Is your feature request related to a problem? Please describe.
From the Slack discussion:

  1. It's not obvious which relations are loaded for entities returned by Vendure's services, e.g.: OrderService.findOne(): Promise<Order | undefined> loads many relations, while OrderService.findOneByCode(): Promise<Order | undefined> loads none.
  2. Loading all relations in every service method obviously has a huge performance impact.
  3. The EntityHydrator can be used to ensure that certain relations are loaded, but it comes with a performance impact over loading the required relations directly.
  4. Still, in any case, there remains a risk of inadvertently accessing an unhydrated relation.

Describe the solution you'd like

  1. Vendure's services could make use of TypeScript's Omit<> type to indicate which relations of the returned entities are unhydrated. The rough idea in the Slack thread was to wrap the methods of TransactionalConnection to achieve this.
  2. For performance improvement, we could add an optional relations?: EntityRelationPaths<>[] parameter to the standard .find...() methods, e.g.
    async findMultipleBySkus(ctx: RequestContext, skus: string[], relations?: EntityRelationPaths<ProductVariant>[]): Promise<ProductVariant[]> {
         let variants: ProductVariant[] = [];
         const qb = this.connection.getRepository(ctx, ProductVariant).createQueryBuilder('variant');
         if (relations) {
             FindOptionsUtils.applyFindManyOptionsOrConditionsToQueryBuilder(qb, { relations: relations });
         }
         FindOptionsUtils.joinEagerRelations(qb, qb.alias, qb.expressionMap.mainAlias!.metadata);
         ...
    and possibly not load any relations by default.

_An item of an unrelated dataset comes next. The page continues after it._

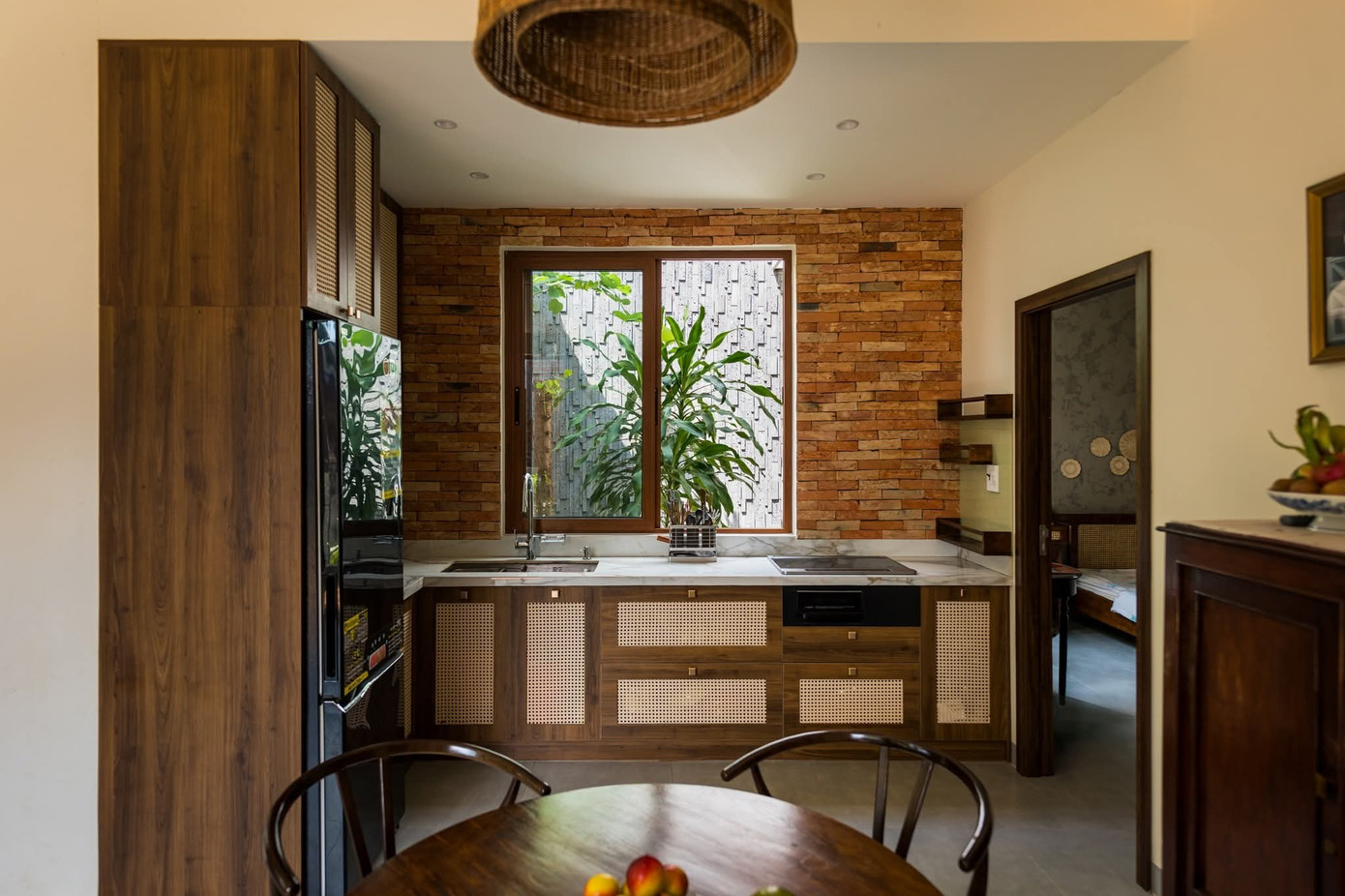 Ngôi nhà được thiết kế theo tinh thần giản dị, gần gũi, kết hợp hài hòa giữa cái mới và cái xưa cũ, từ vật liệu, đồ nội thất đến cách tổ chức không gian.

Describe alternatives you've considered
Using EntityHydrator works well, but has worse performance than loading the required relations directly, and has a risk of accessing relations which are usually (but not always) loaded and hence possibly forgotten to explicitly hydrate.

Additional context
I wonder, as a first, partial fix, if it might be possible to set a service method's return type based on the relations parameter (for methods which implement it), without wrapping TypeORM.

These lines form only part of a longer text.